Provided material:
= = = = =
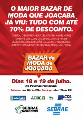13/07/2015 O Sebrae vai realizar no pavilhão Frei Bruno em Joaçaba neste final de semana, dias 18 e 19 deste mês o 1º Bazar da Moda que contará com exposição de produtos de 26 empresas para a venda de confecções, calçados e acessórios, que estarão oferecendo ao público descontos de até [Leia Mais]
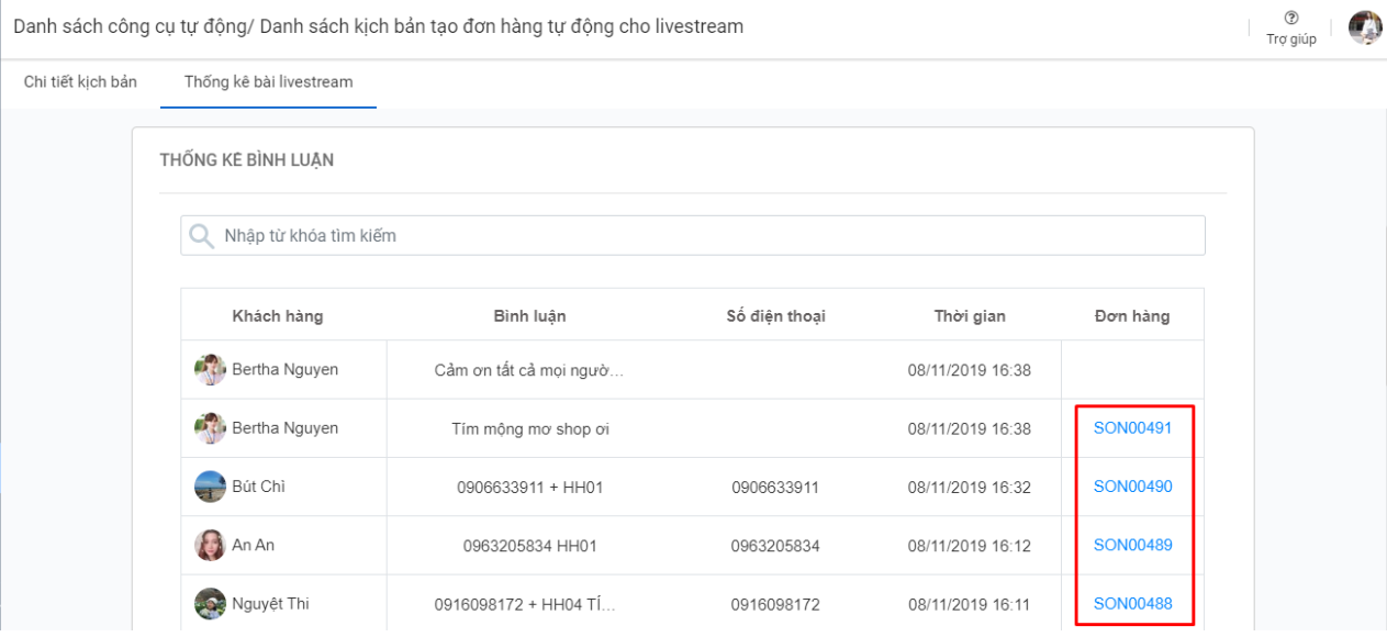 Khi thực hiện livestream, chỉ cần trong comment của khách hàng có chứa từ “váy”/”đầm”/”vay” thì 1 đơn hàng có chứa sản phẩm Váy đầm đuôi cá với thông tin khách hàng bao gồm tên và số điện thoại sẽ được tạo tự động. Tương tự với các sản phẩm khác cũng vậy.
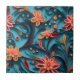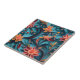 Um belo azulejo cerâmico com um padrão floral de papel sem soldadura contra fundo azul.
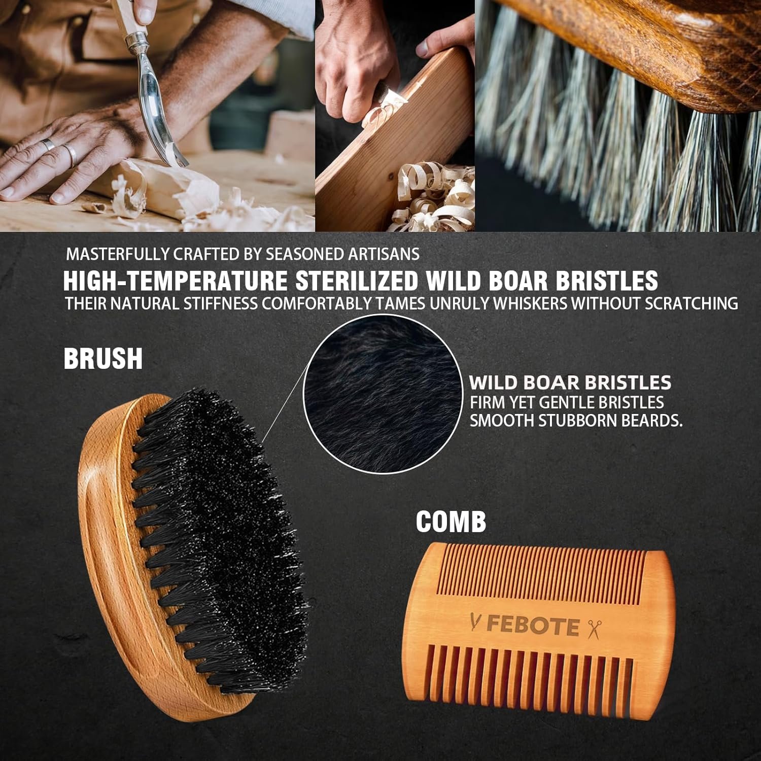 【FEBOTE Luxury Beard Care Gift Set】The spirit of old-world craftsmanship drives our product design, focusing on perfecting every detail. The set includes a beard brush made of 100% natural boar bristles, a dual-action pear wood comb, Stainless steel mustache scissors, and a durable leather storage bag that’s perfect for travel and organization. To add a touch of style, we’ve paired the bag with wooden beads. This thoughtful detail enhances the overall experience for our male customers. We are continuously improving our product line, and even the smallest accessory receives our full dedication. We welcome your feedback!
= = = = =
Exercise description: Once the pictures are set aside, repeat the remaining data word for word.

Answer for the task:
13/07/2015 O Sebrae vai realizar no pavilhão Frei Bruno em Joaçaba neste final de semana, dias 18 e 19 deste mês o 1º Bazar da Moda que contará com exposição de produtos de 26 empresas para a venda de confecções, calçados e acessórios, que estarão oferecendo ao público descontos de até [Leia Mais]
 Khi thực hiện livestream, chỉ cần trong comment của khách hàng có chứa từ “váy”/”đầm”/”vay” thì 1 đơn hàng có chứa sản phẩm Váy đầm đuôi cá với thông tin khách hàng bao gồm tên và số điện thoại sẽ được tạo tự động. Tương tự với các sản phẩm khác cũng vậy.
 Um belo azulejo cerâmico com um padrão floral de papel sem soldadura contra fundo azul.
 【FEBOTE Luxury Beard Care Gift Set】The spirit of old-world craftsmanship drives our product design, focusing on perfecting every detail. The set includes a beard brush made of 100% natural boar bristles, a dual-action pear wood comb, Stainless steel mustache scissors, and a durable leather storage bag that’s perfect for travel and organization. To add a touch of style, we’ve paired the bag with wooden beads. This thoughtful detail enhances the overall experience for our male customers. We are continuously improving our product line, and even the smallest accessory receives our full dedication. We welcome your feedback!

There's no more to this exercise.